Joe asked, “What chemicals did the Freds make?”
“Industrial catalysts, mainly. Certain chemicals, ones that humans would learn how to make on their own shortly anyway, were very valuable to the Trust. I believe the Trust has depended on those for their funding lately.”
Bob’s voice sounded lower, and confidential. “Don’t tell anyone, but the Freds could have made the Trust a lot more money if they’d wanted. It served our purposes to keep their resources fairly limited.”
“I knew you guys were a sneaky lot.”
“We do what we can. We’re getting close.”
Joe stopped and carefully let Bob Four out of the backpack. He hid the bicycle away from the road in the trees.
“The tunnel entrance is this way.” Bob Four led the way.
They were close to the Trust’s house, and had to keep out of sight and quiet. But, before they reached it, the trees opened up into a large gravel pit. There were signs this was a regularly used industrial site, with a trash dumpster and a portable toilet. There was a gate that could close off the pit, although it had been left open.
“This isn’t right.” Bob Four walked a few paces back and forth, hunting for some landmark.
Joe shook his head. “The hillside has been carved out.” He kicked at the roadway underfoot. “Here’s where they get gravel for roads probably. Your tunnel entrance has been destroyed.” The site looked several years old, but there were fresh road signs. If they’d arrived during the week, they’d have had to dodge gravel trucks.
Bob Four shook his head. “Bob Eight was never one to use the tunnel, he hated getting dirty. And the Sam who had dug it was one of the triad that died in the 60’s. No one’s checked this tunnel in decades.
“We should have kept prepared!”
Joe pulled out the FRS walkie-talkie he’d bought when they picked up the bicycle. “Keep in contact with family and friends”, said the packaging.

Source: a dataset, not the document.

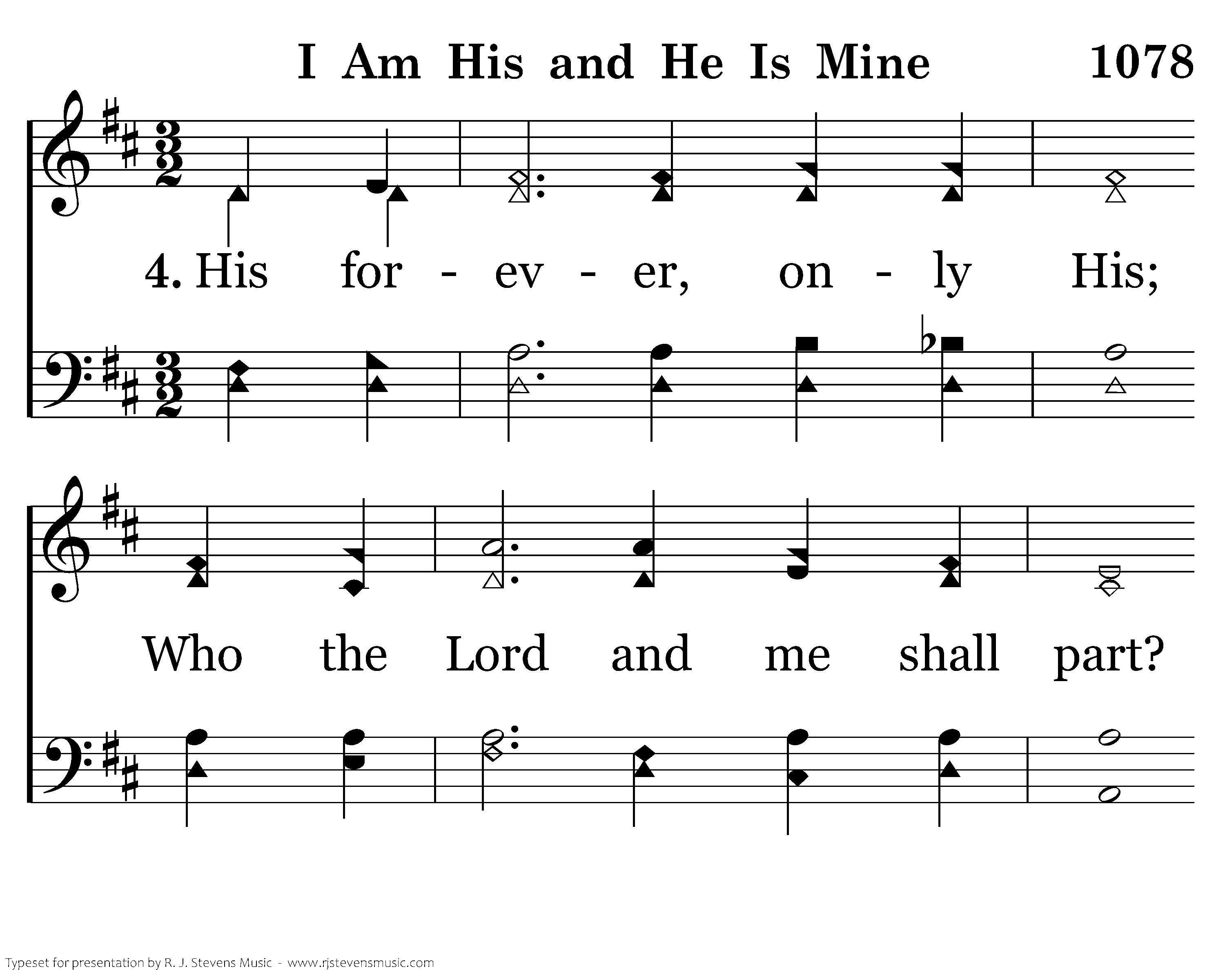 His forever, only His; Who the Lord and me shall part? Ah, with what a rest of bliss Christ can fill the loving heart! Heav'n and earth may fade and flee, Firstborn light in gloom decline; But while God and I shall be, I am His and He is mine; mine.

He checked the channel number, then pressed the push-to-talk button. “Problem. We’ve lost his way.”
There was a double-click from the radio. Unfortunately, the talkie couldn’t help Judith reply more than that.
Joe walked around the pit, looking for any sign of the old tunnel, but he could see nothing. Bob Four kept out of sight behind the trees. It was a Sunday, and there were no workmen in sight, but they were too near an urban area to take chances.
“Hey you there! Stay where you are!”
Just then, three men came out of the tree line. Trust agents! Joe tossed aside his walkie-talkie and ran. There was a shout, and they started after him.
He looked back. They were gaining. One man was ahead of the pack and closing fast. Joe put his head down and scrambled up the side of the road, hoping to get into the trees.
The last thing he felt was a sting in the middle of his back.